**Directions for this task:** Reproduce all of the data below without alteration; exclude every picture.

**Source material:**
----------

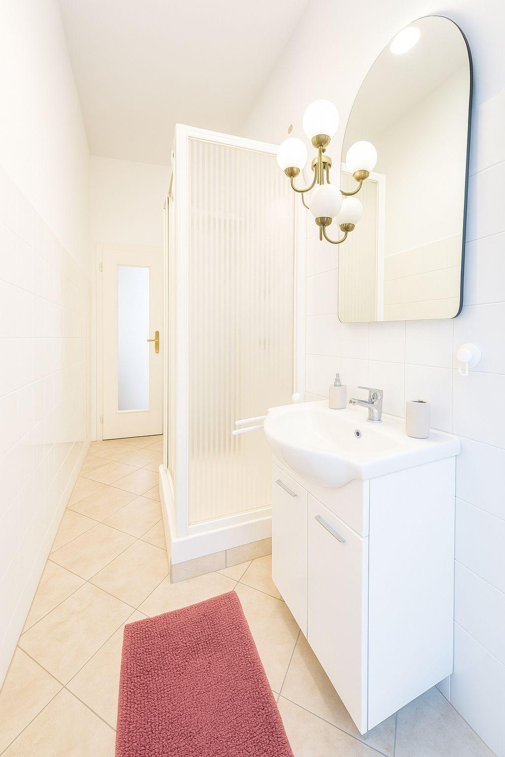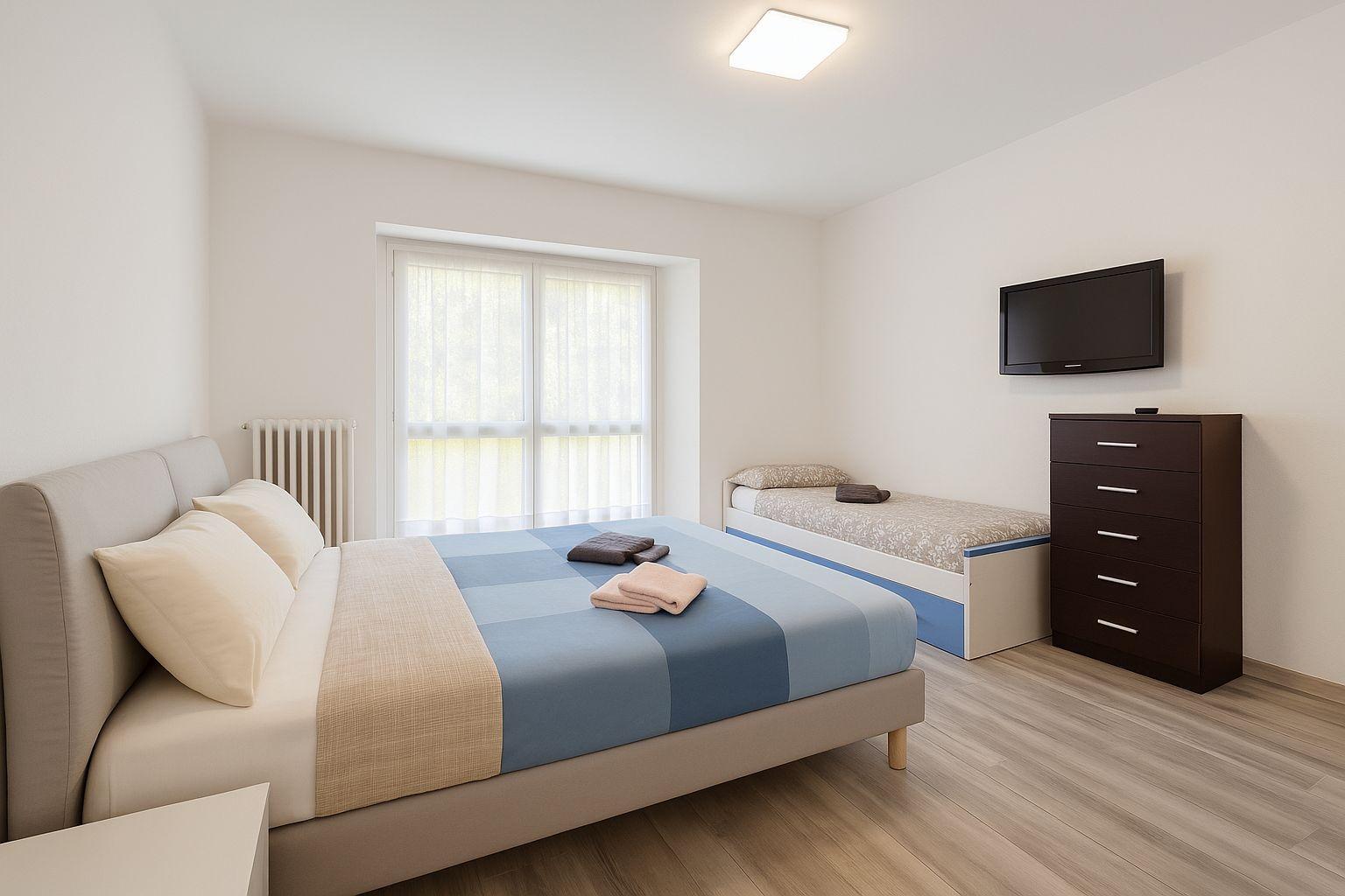 Il bilocale offre ambienti luminosi e ben organizzati, con una cucina completamente attrezzata e dotata di elettrodomestici, compreso il frigorifero con congelatore. La zona notte dispone di un letto matrimoniale, due letti singoli e un divano letto, insieme a una TV e capienti armadi. Il bagno è moderno, con doccia e lavatrice, mentre il piccolo balcone permette di ritagliarsi un momento di relax. L’alloggio è climatizzato in ogni stagione e coperto da connessione Wi-Fi.
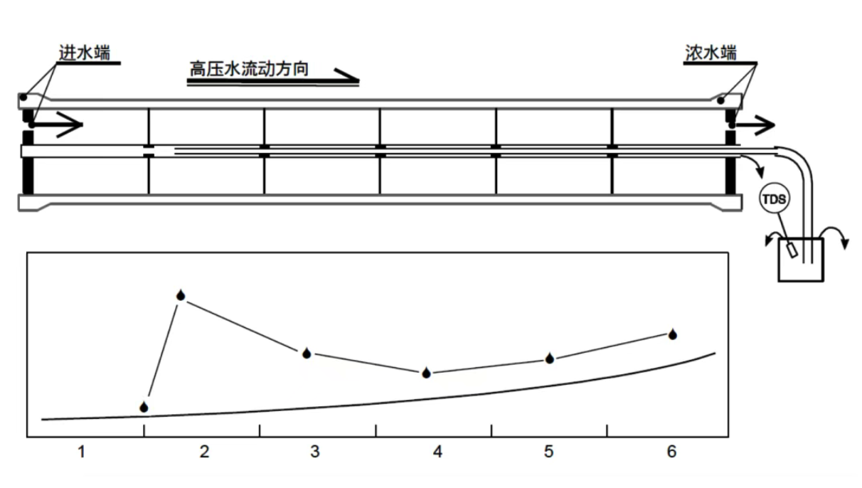 當RO/NF系統以正常操作條件運行時,從壓力容器產水中心管內初始分流出來的水樣是沒有代表性的,應等待幾分鐘,使探測引水管得到沖洗,系統達到平衡,然后從探測管流出來的產水TDS數值可由手持式儀表進行測定,并作數據記錄,它能反映出該位置膜元件的產水TDS值。
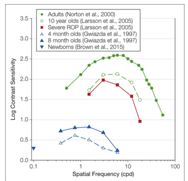 In childhood contrast sensitivity is reduced compared to an adult, particularly at mid and high SFs
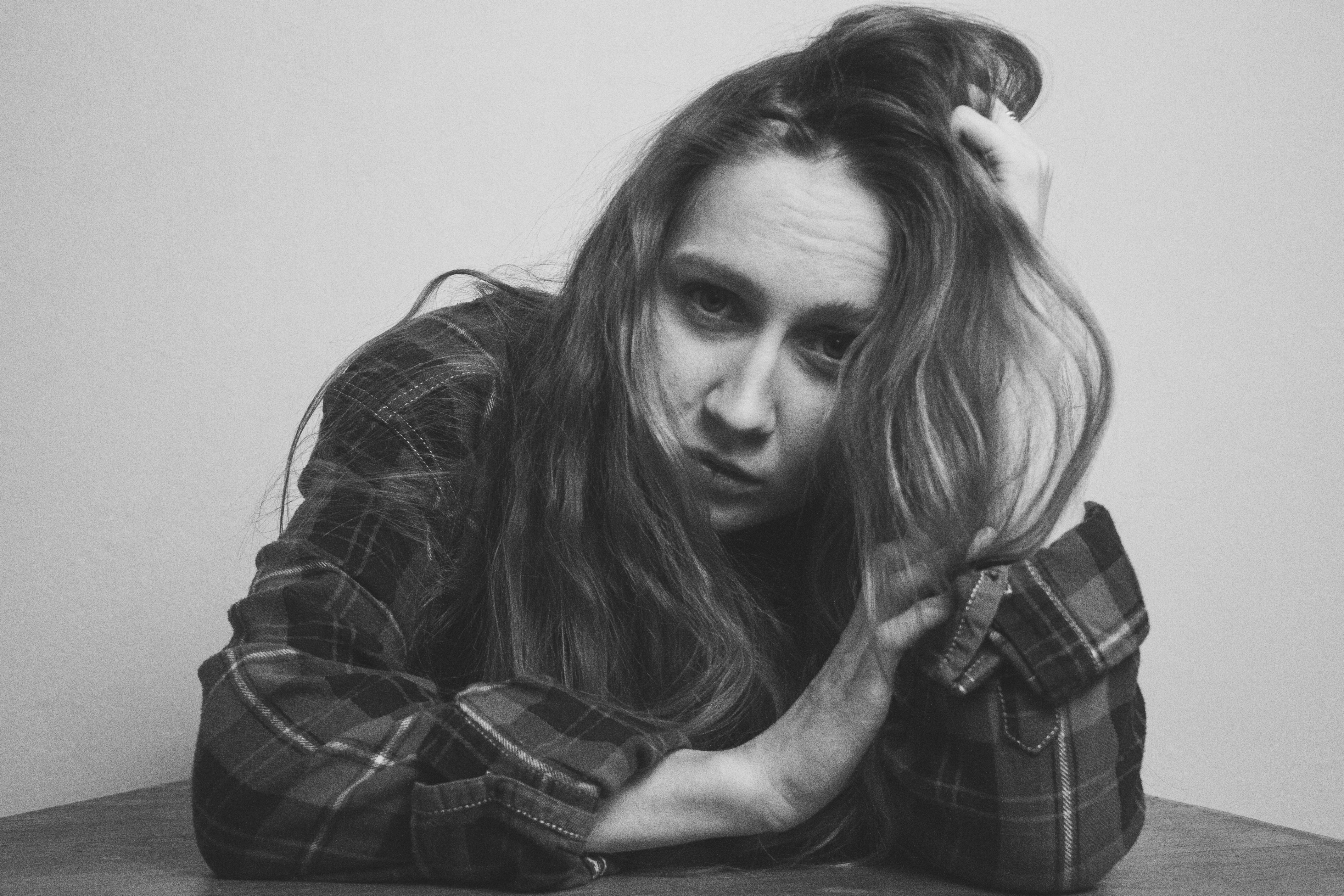 Fondos de pantalla : cara, mujer, monocromo, modelo, pelo largo, fotografía, Cabello negro, cabello, emoción, cabeza, niña, belleza, ojo, oscuridad, Sentido, en blanco y negro, Fotografía monocroma, Fotografía de retrato, Sesión de

----------

**Your response:**
 Il bilocale offre ambienti luminosi e ben organizzati, con una cucina completamente attrezzata e dotata di elettrodomestici, compreso il frigorifero con congelatore. La zona notte dispone di un letto matrimoniale, due letti singoli e un divano letto, insieme a una TV e capienti armadi. Il bagno è moderno, con doccia e lavatrice, mentre il piccolo balcone permette di ritagliarsi un momento di relax. L’alloggio è climatizzato in ogni stagione e coperto da connessione Wi-Fi.
 當RO/NF系統以正常操作條件運行時,從壓力容器產水中心管內初始分流出來的水樣是沒有代表性的,應等待幾分鐘,使探測引水管得到沖洗,系統達到平衡,然后從探測管流出來的產水TDS數值可由手持式儀表進行測定,并作數據記錄,它能反映出該位置膜元件的產水TDS值。
 In childhood contrast sensitivity is reduced compared to an adult, particularly at mid and high SFs
 Fondos de pantalla : cara, mujer, monocromo, modelo, pelo largo, fotografía, Cabello negro, cabello, emoción, cabeza, niña, belleza, ojo, oscuridad, Sentido, en blanco y negro, Fotografía monocroma, Fotografía de retrato, Sesión de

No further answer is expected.